Any highlights from the bill? The CFTC is given more authority to specify which cryptoassets constitute digital commodities, but the Securities and Exchange Commission (SEC) still preserves its full authority to name the cryptoassets it considers securities. So, not much departure from the status quo. The other highlight is that the bill lays out a detailed regime for “digital commodity brokers,” primarily crypto exchanges, which is similar to the one applicable to traditional brokers. So far, state law has been the primary regulatory framework for most crypto exchanges in the U.S. Needless to say that the bill is not expected to pass anytime soon but will rather line up with the other crypto bills for consideration after the mid-term elections.

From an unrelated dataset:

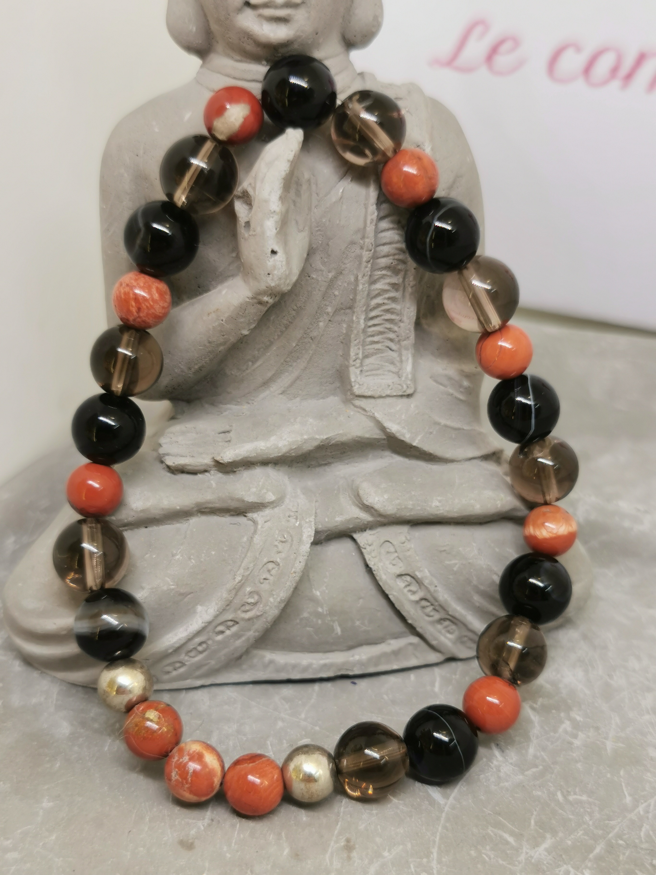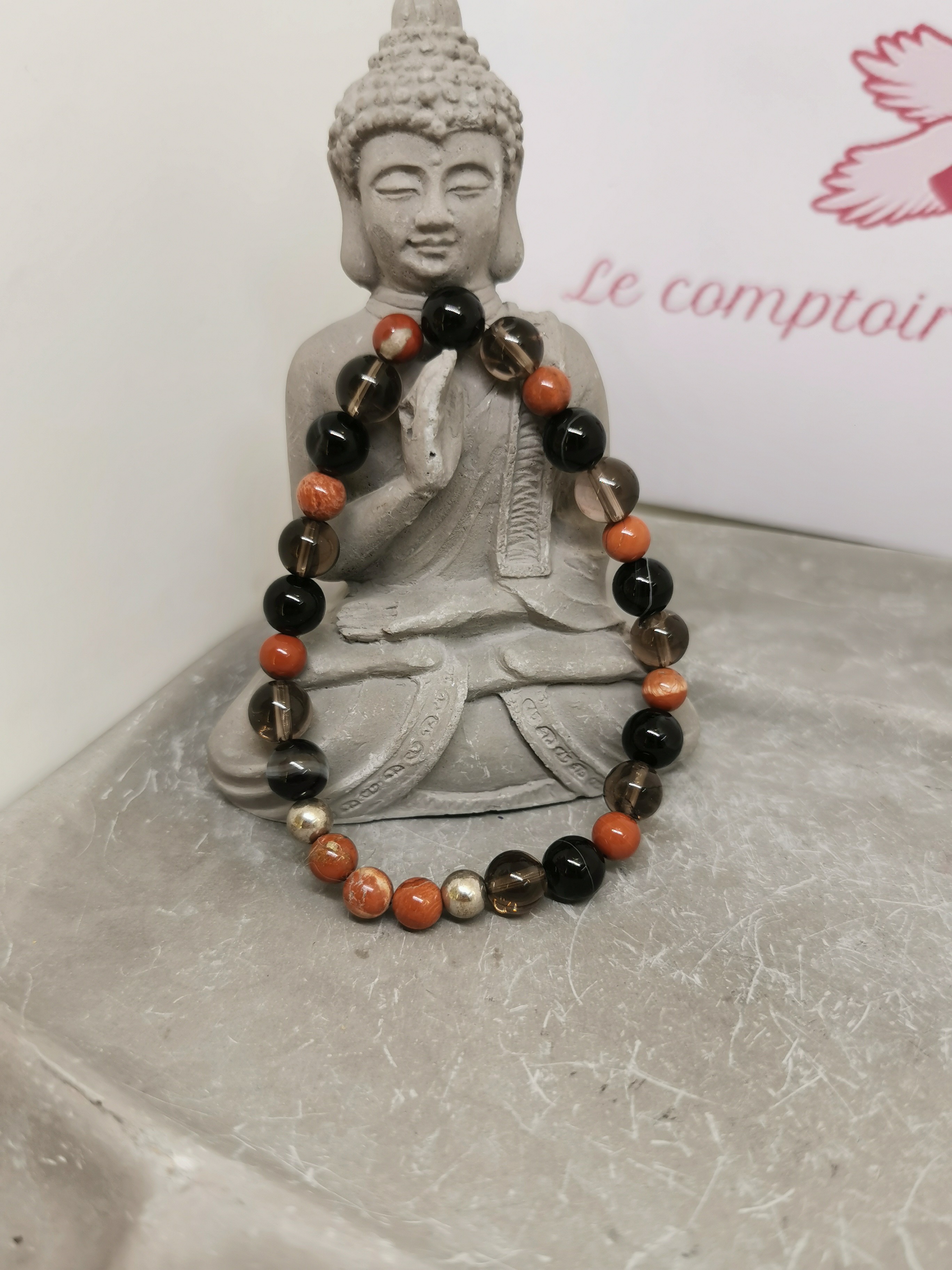Composé d’agate noire, de jaspe rouge et de quartz fumé, il associe des pierres profondément reliées à l’énergie du corps et à la force intérieure. Il est idéal pour accompagner les périodes où l’on souhaite retrouver équilibre, enracinement et énergie.

Can you think of some reasons why the sponsors of the bill introduced it now? How might it contribute to the ongoing debates about the scope of the SEC’s jurisdiction?

Aside from the members of the Agricultural Committee, five other senators took interest in crypto brokers last week. Senators Pat Toomey (R-PA), Mark Warner (D-VA), Cynthia Lummis (R-WY), Kyrsten Sinema (D-AZ), and Rob Portman (R-OH) reintroduced a bill that seeks to amend the 2021 Infrastructure Investment and Jobs Act. The Act established anyone who provides for consideration "any service effectuating transfers of digital assets on behalf of another person" as a broker for tax purposes. The main goal of the amendment is to exclude certain actors, such as miners and network validators, who do not actually perform brokerage services from the broad definition of the Infrastructure Act. Any timeline for approval? As you could probably guess, this remains unknown.

Do you think this amendment has a greater chance of passing as a mere amendment or as part of a larger crypto regulation?

Now onto some hot, complex, and potentially uplifting or worrisome crypto news, depending on how you see it. On August 8, the Department of the Treasury’s Office of Foreign Assets Control (OFAC) announced sanctions against Tornado Cash, an open-source, fully-decentralized, non-custodial cryptocurrency mixer. What on earth is that? A cryptocurrency mixer or tumbler is an open-source code that operates on a blockchain and is used by some cryptocurrency owners to hide their identities. And in the case of Tornado Cash, it was fully decentralized, meaning that it has no single owner. The goal of hiding one’s identity sounds suspicious, of course. But imagine that you are a well-known person who wants to buy something and prefers to keep your identity anonymous to protect your own privacy. If the transaction is in cryptocurrency, you can use a mixer. A mixer works by pooling cryptocurrencies from different sources, mixing them up, and reallotting new currencies to the same sources. So, if you conduct a transaction using these new currencies, no one will know your real identity. Because of this, it is fair to expect that mixers are more likely to be used in money laundering than in ordinary transactions.

This is what happened in the case of Tornado Cash. OFAC stated that Tornado Cash was used to launder more than $7 billion worth of cryptocurrency since it was created in 2019. The said figure included more than $455 million laundered by the Lazarus Group, which is a hacking group sponsored by North Korea. Notably, the OFAC did not say that the use of mixers per se is illegal: It rather emphasized that the problem is that “Tornado Cash has repeatedly failed to impose effective controls designed to stop it from laundering funds for malicious cyber actors on a regular basis.” Quickly after OFAC’s announcement, Circle, the issuer of USDC stablecoin, froze $75,000 USDC in “tainted” wallets, and the software host GitHub suspended the accounts of Tornado Cash. At the end of the day, “sanctioning the code” seemed to work!

Some saw in the Tornado Cash incident a threat to privacy since many users are now prohibited from using a mixer for legitimate purposes. Others saw it as an affirmation that effective law enforcement can positively influence both users and companies and make blockchains a safer space for financial transactions. How about you? What do you make of this incident?